登録日:2020/01/18 (土曜日) 19:55:11
更新日:2026/06/23 Tue 21:18:31
所要時間:約 10 分で読めます





さくらうららわらしみずきしぐれ「「「「「この中に1人、サイキック族がいる!!!」」」」」




うさぎ「…私?」


「妖怪少女」とは、『遊戯王OCG』に存在するモンスター群。



概要

全てのモンスターが、レベル3・攻撃力0・守備力1800のチューナーで統一されている。
神属性を除いた各属性に1体ずつ存在し、サイキック族の《幽鬼うさぎ》を除いてアンデット族である。

全員共通の効果として、手札から捨てて発動する効果(所謂、手札誘発効果)を持っており、相手の行動を阻害したりするのが主な仕事。
低ステータスなのでサーチやサルベージ、リクルートに対応していたり、チューナーのためS素材にも活用できる。
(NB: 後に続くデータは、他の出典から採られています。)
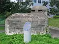 A memorial plaque established by Singapore's National Heritage Board (NHB) in front of the pillbox commemorating the history of the structure.
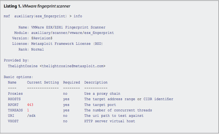 msf > use auxiliary/scanner/vmware/esx_fingerprint

《灰流うらら》のようにデッキを選ばないほぼ投入必須級のものから、《屋敷わらし》のような競合相手が存在しデッキや環境によって使い分けを考えなければならないもの、《浮幽さくら》の様なかなりピーキーだが環境次第では活躍できるものと汎用性はまちまち。

そして何より…




イラストが可愛い




これに尽きる。
全員が幼い女の子の姿をしており、どこか儚げな雰囲気を醸し出している。
手札にある時にジロジロ眺めているとハンデスされるかもしれないので注意!
だが、サイキックやアンデット族に属しているあたり、普通の人間ではないことも確かである。
また、カード名やイラストに四季や花の要素が振り込まれているのも特徴であり、全員「漢字2文字+ひらがな3文字」の名前を持つ。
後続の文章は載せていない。